Mr Netanyahu, better known as Mr Bibi, campaigned five times over a four-year period, culminating in an outright majority in the Knesset. He managed to do so after the November 1 election thanks to a coalition deal with far-right nationalist and ultra-religious parties. He has spent much of the past few weeks trying desperately to convince the Israeli public, as well as Israel’s American supporters, that he will not give his new coalition partners complete control over the nature of Israel’s democracy.

This can be difficult. Not only has Mr Netanyahu given his hardline partners control of large swathes of the Israeli government, but as part of his coalition deal he has also promised to change legislation that includes provisions that would allow the Knesset to overturn Supreme Court rulings. He is also preparing to amend Israel’s anti-discrimination laws so that individuals and private companies can deny services to clients whose beliefs or sexual orientation offend them.

Mr Netanyahu’s previous government was more moderate in composition and policies. They include centrist and sometimes left parties, giving him leeway to resist some of the more radical demands of his right-wing partners.

But this time, the centrist party at the heart of Yair Lapid’s outgoing government is refusing in principle to vote in a court case against a man indicted for corruption and bribery who is still on trial in a Jerusalem court. The prime minister was in office. Indeed, the very week that Mr. Netanyahu returned to office, witnesses for the prosecution testified about the regulatory benefits he allegedly gave certain Israeli media owners in exchange for favorable coverage.

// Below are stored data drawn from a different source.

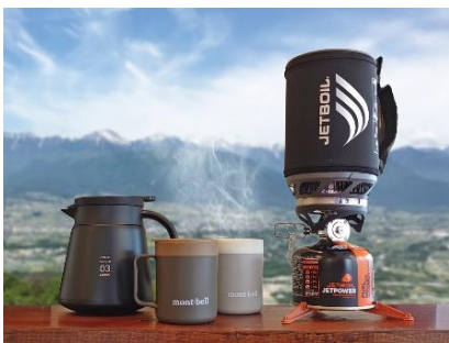
1杯1杯丁寧にハンドドリップした コーヒーをゆっくりと味わえます
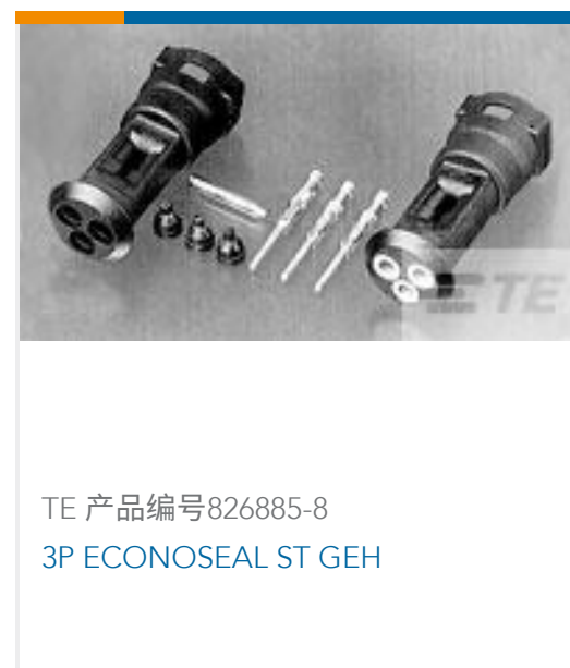
TE 产品编号826885-8 3P ECONOSEAL ST GEH
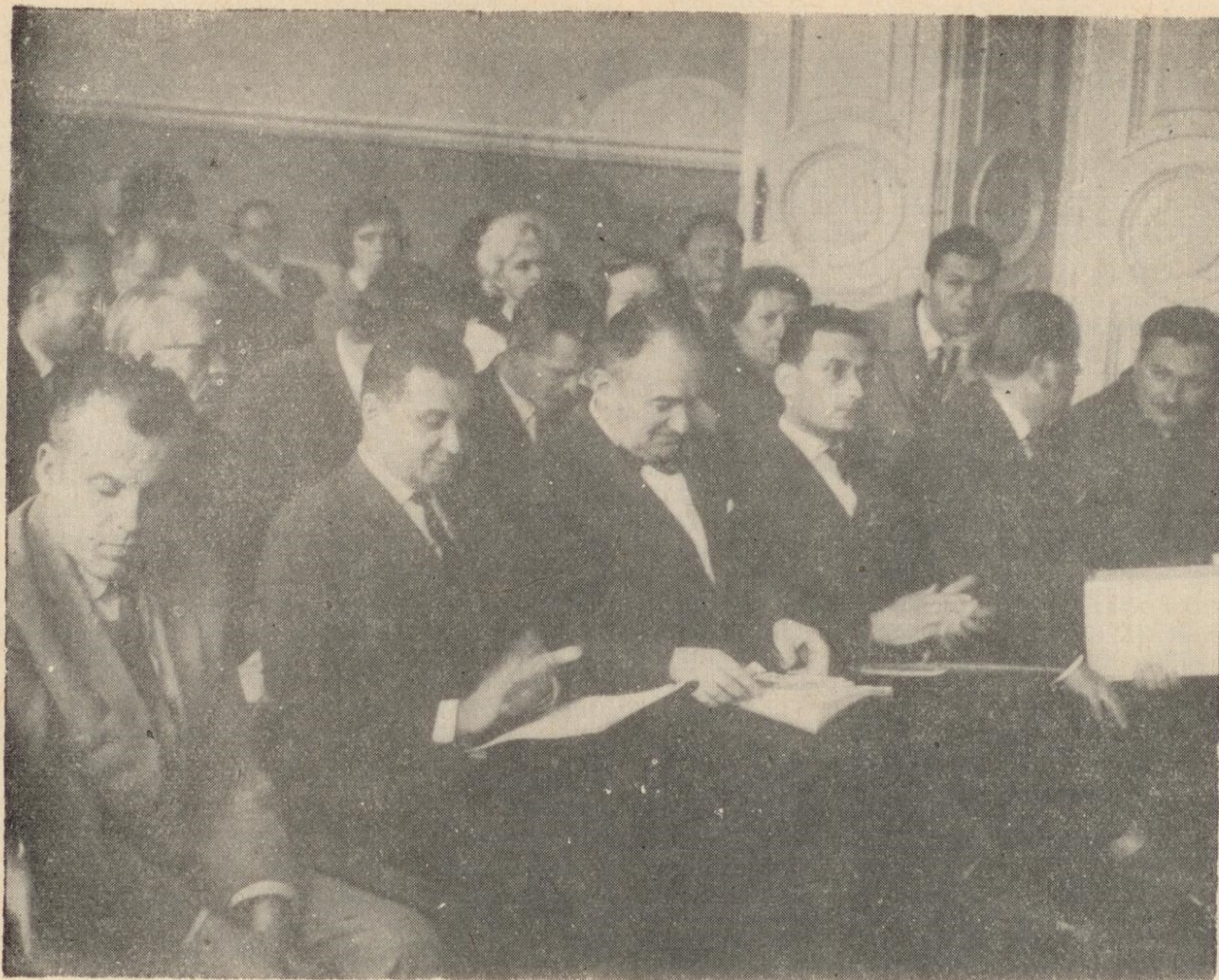
Ryc. 8. Seminarium „Współpraca muzeów ze szkołami” w Przemyślu.

It was unclear how Mr. Netanyahu planned to approach his personal legal woes. His surrogates have begun calling for the firing of the attorney general, who is a civil servant in Israel. Allies of Mr Netanyahu believe a more compliant successor could revisit the allegations against him. Another possibility, raised by friends of Mr Netanyahu, is that the type of fraud he faces could be decriminalized.

Even before the inauguration, the new government had used its majority in the Knesset to appoint a cabinet member who would have been barred because of previous criminal convictions. Days before Mr Netanyahu’s team was sworn in, a law was passed allowing the ultra-Orthodox Shas party leader Ariye Deli to be sworn in as interior and health minister despite his conviction earlier this year. for tax fraud. Critics of Mr Netanyahu fear it will set a precedent for the new prime minister to get out of his own troubles in court.